The point of email verification is, that someone with malicious intentions is prevented from registering arbitrary email addresses without having access to their respective inboxes (just consider a prankster who wants to sign up a target for daily cat facts, or more sinister signing up someone for a paid email newsletter or spamming their inbox, potentially their work inbox, with explicit content). Thus the confirmation code, which must be cryptographically secure. One important feature of a cryptographically secure confirmation code is, that it can not be predicted or guessed.
This is why UUIDs are not suitable: The main feature of UUIDs is, that a collision is astronomically unlikely. However the UUID generation algorithm is not designed to not be predictable. Typically a UUID is generated from the generating systems MAC address(es), the time of generation and a few bits of entropy. The MAC address and the time are well determined. The use of a PRNG that's fed simply by PID and time is also perfectly permissible. The whole point of UUIDs is to avoid collisions, not to make them unpredictable or unguessable. For that it suffices to have bits that are unique to the generating system (that never change) and a few bits that prevent this particular system from generating the same UUID twice simply by distributing UUIDs in time, the process generating it and the process internal state.

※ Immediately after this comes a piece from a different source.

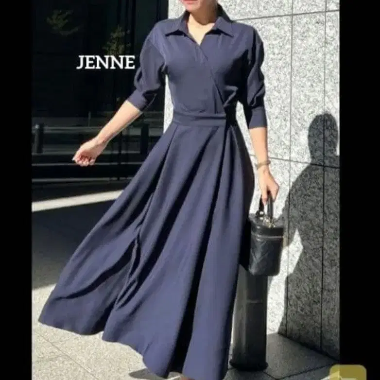 JENNE 카슈쿨 플레어 롱 원피스 네이비 S
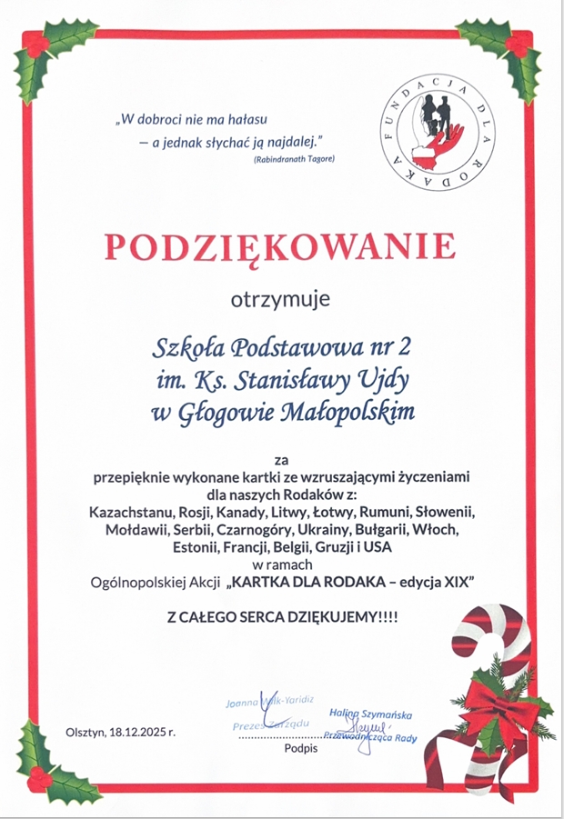 Zobacz również 02.01.2026 "Kartka dla Seniora" 12.12.2025 XXIII Wojewódzki Konkurs Piosenki Obcojęzycznej 12.12.2025 "Mikołajkowa zbiórka dla zwierząt" 09.12.2025 X Gminny Turniej Szachowy "Kartka dla Rodaka" Opublikowano: 08 stycznia 2026 20:01 Kategoria: Aktualności Wydrukuj Wyświetleń: 11

So if I know which system is going to generate a UUID, i.e. know its MAC addresses, the time at which the UUID is generated, there are only some extra 32 or so bits of entropy that randomize the UUID. And 32 bits simply doesn't cut it, security wise.
Assuming that a confirmation token is valid for 24 hours one can >100 confirmation requests per second and the UUID generator has 32 bits of extra randomness (in addition to time and MAC, which we assume as well known) this gives a 2% chance of finding a valid confirmation UUID.
Note that you can not "block" confirmation requests if too many invalid UUIDs are attempted per time interval, as this would effectively give an attacker a DoS tool to prevent legitimate users from confirming their email addresses (also including the email address into the confirmation request doesn't help; this just allows to target specific email addresses for a DoS).